Do you have concerning swelling in your legs? You may have venous stasis
A patient of mine came in last week suffering from swelling and pain in his legs. He was suffering from a problem that is becoming more common – pooling of blood in his legs causing unsightly enlarged veins.
To understand how vein problems develop you need a rudimentary understanding of the anatomy and physiology of the vascular system. Fresh blood that contains oxygen and nutrients is pumped from the heart to the legs via arteries. The blood then moves through very tiny blood vessels called capillaries where the oxygen and nutrients move out of the blood into the surrounding tissues. Waste products and carbon dioxide then move from the tissues into the capillaries and then into veins for the trip back up to the heart and eventually to the lungs, liver and kidneys where the waste products are removed from the body.
Venous blood has a hard time moving against gravity from the legs to the heart (unless you stand on your head). To get around this problem, the body utilizes two nifty mechanisms. The first is the contractions of the muscles in the legs that push the blood upward like squeezing toothpaste out of a tube. The second is one-way valves that prevent venous blood from moving back down toward the feet.
When you understand how the physiology of venous blood flow works, it makes it easier to understand how things can go awry. Gravity is the major obstacle to overcome. People who stand all day long are battling the force of gravity as it constantly pulls the blood back toward the feet. This is why our feet tend to swell as the day progresses. Obese individuals are more likely to develop problems since their weight puts additional force on the blood in their veins causing even more downward pressure and swelling.
People who are inactive also tend to have more problems.

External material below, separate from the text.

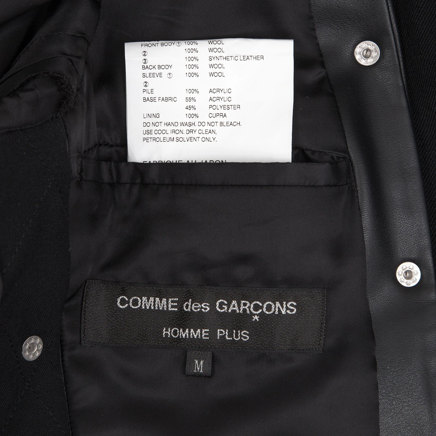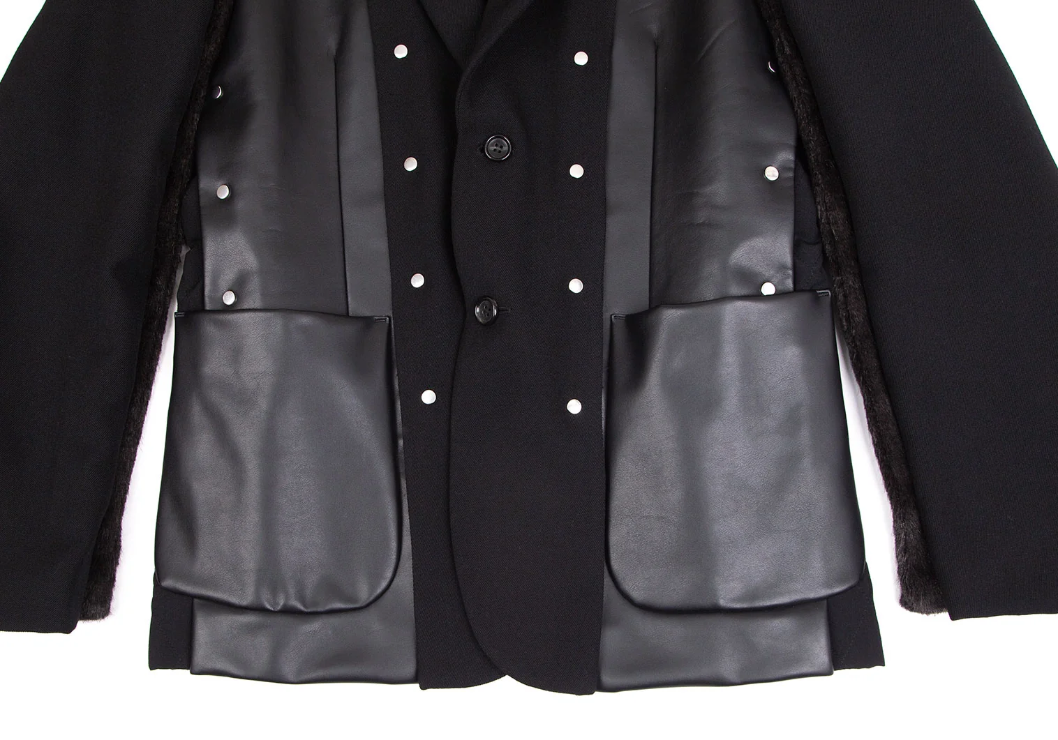 コムデギャルソン オムプリュスCOMME des GARCONS HOMME PLUS 平和の鎧フェイクレザーリベット切替ジャケット 黒M
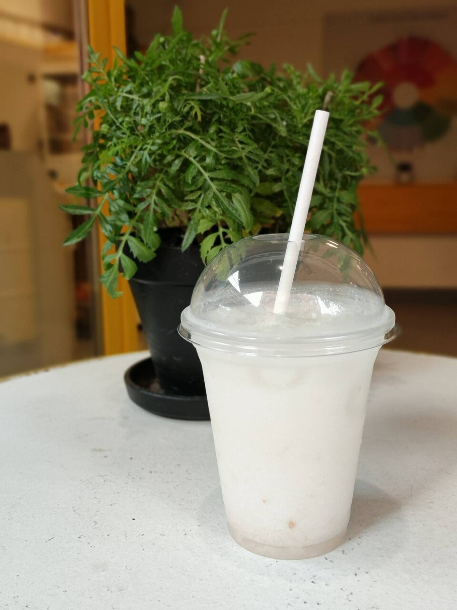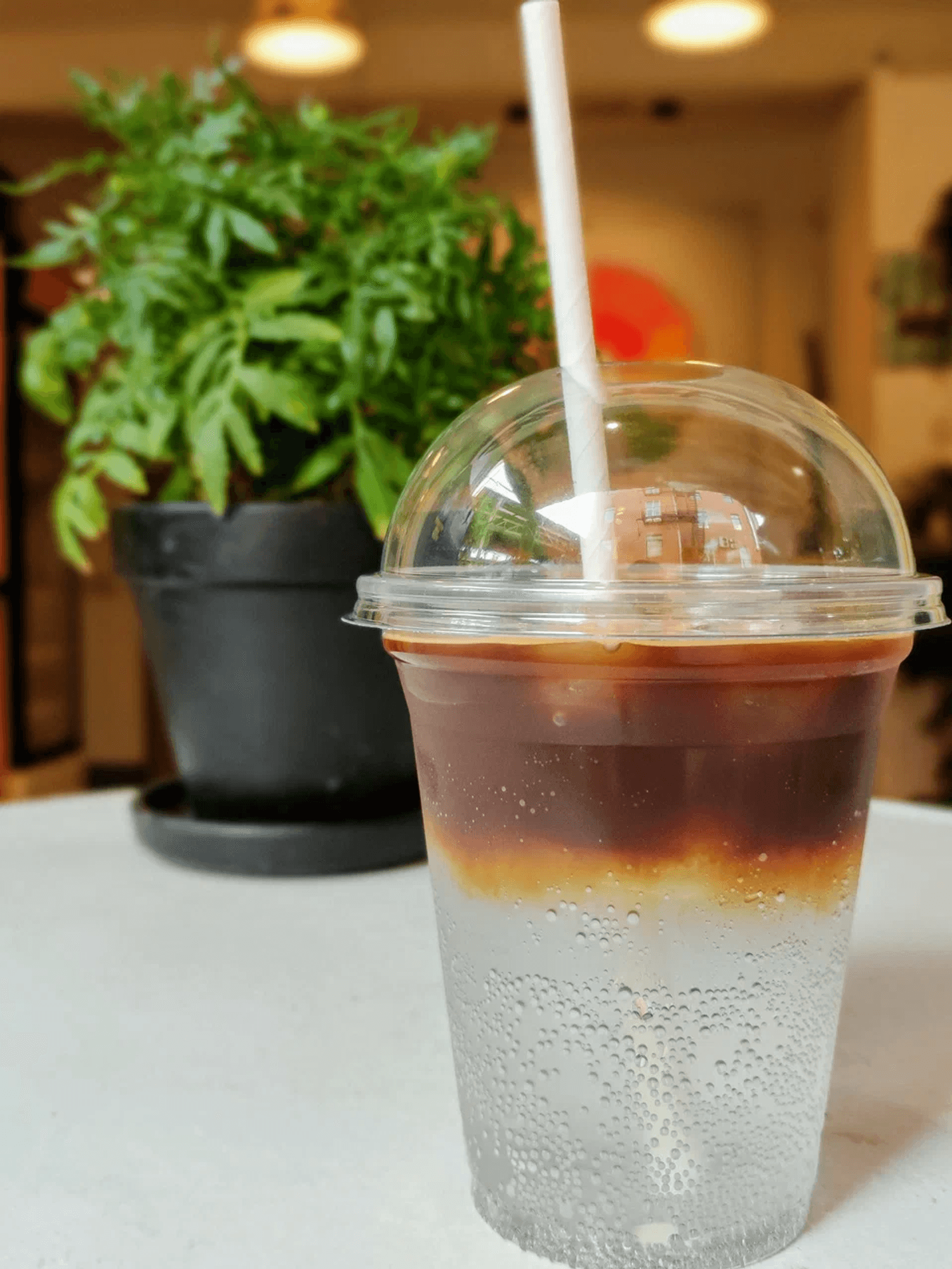 Еда и напитки. В меню — классический кофе, какао, матча чай-латте, пуэр. Также можно заказать трубочку со сгущенкой, круассан миндальный, сырный и с маком.

Since they are not walking around, they don’t receive the benefit of muscular contractions to squeeze the blood upward.
Gravity causes our veins to enlarge as we age. When this occurs, the valves in the veins no longer meet to stop the downward flow and they become leaky (see diagram). This results in more blood pooling in the leg veins causing more dilation and more leaking – a vicious cycle leading to unsightly varicose veins.
Pooling of blood in the legs is called venous stasis. The blood can’t move upward to have the waste products removed and the leg tissues, especially the skin, become unhealthy and start to break down. This can lead to rashes and itching called “stasis dermatitis” as well as ulcer formation and infections that can sometimes be very serious.
Treatment of venous stasis can be very difficult depending on the how advanced the problem is at the time a patient presents to a medical provider. Sometimes the dilated veins need to be tied off or surgically removed. Some veins can be closed by injecting them with solutions to scar them closed.
Less severe cases of venous stasis can usually be treated with compression stockings and elevating the feet above the level of the heart. The stockings provide a compressive force to counteract gravity. People who have developed rashes and ulcers may need to have medicated dressings. Response to treatment can be slow and may require referral to a specialized wound care center. Serious infections may require antibiotics and surgery. Diuretics (water pills) are not very effective at treating the root cause.
The best way to treat venous stasis is to prevent it in the first place. People who spend a lot of time on their feet or take long trips in planes, trains or automobiles should walk frequently or do calf pumps or toe raises to help pump the blood out of the legs. They should also consider elevating the legs above the level of their chest on their breaks and after work. If they can’t walk, they should wear compression stockings during their work shift. Good hydration is very important to keep the blood from becoming too thick that may lead to blood clot formation.
Obese people with venous stasis must work hard on weight loss in addition to the prevention strategies above. I would be remiss if I did not mention that smoking also greatly increases the risk for developing vein deterioration and slows healing. It also greatly increases the risk for tissue breakdown, ulcer formation due to decreased oxygen delivery, and promotes the formation of blood clots.